Activity -
Retype the lines of the listing below exactly, but only those from the one containing "欧米人風あだ名 | 『マイケルあいすら』『ウサインあいすら』 |" through the last line; pictures stay out.
-------- Data excerpt --------
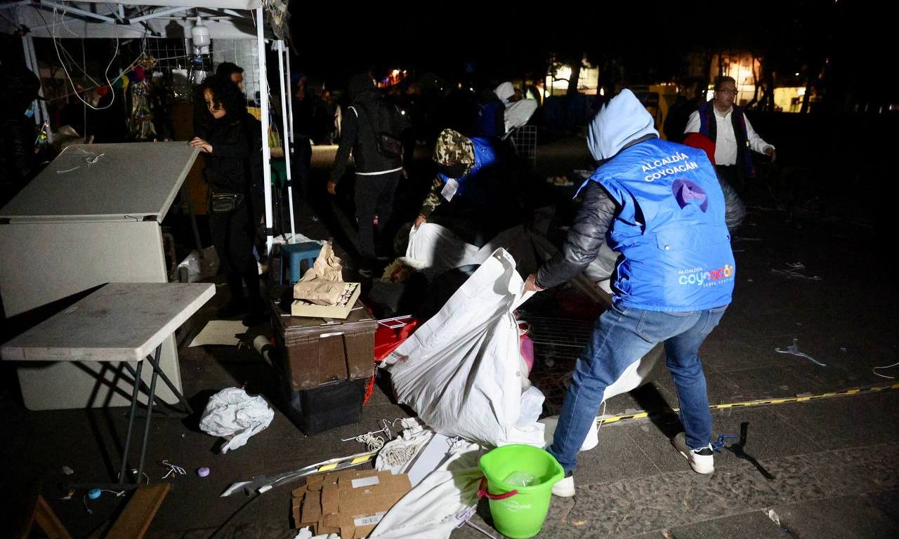 En un procedimiento ordenado, pacífico y apegado a la normatividad, fueron retiradas decenas de carpas de comerciantes que se habían instalado de manera ilegal en la explanada del Jardín Hidalgo en el centro de Coyoacán.
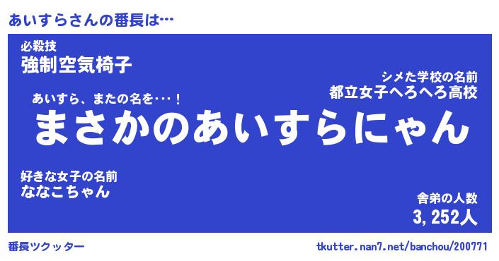 | 欧米人風あだ名 | 『マイケルあいすら』『ウサインあいすら』 |
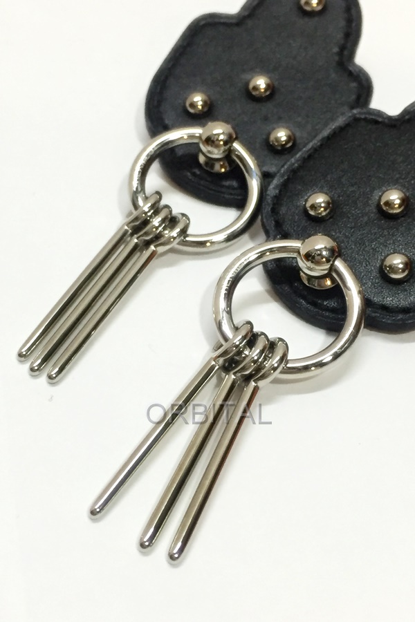 HERMES エルメス CARNABY カーナビー レザーピアス ブラック×シルバー C刻印 箱付き
--------
Written solution -
 | 欧米人風あだ名 | 『マイケルあいすら』『ウサインあいすら』 |
 HERMES エルメス CARNABY カーナビー レザーピアス ブラック×シルバー C刻印 箱付き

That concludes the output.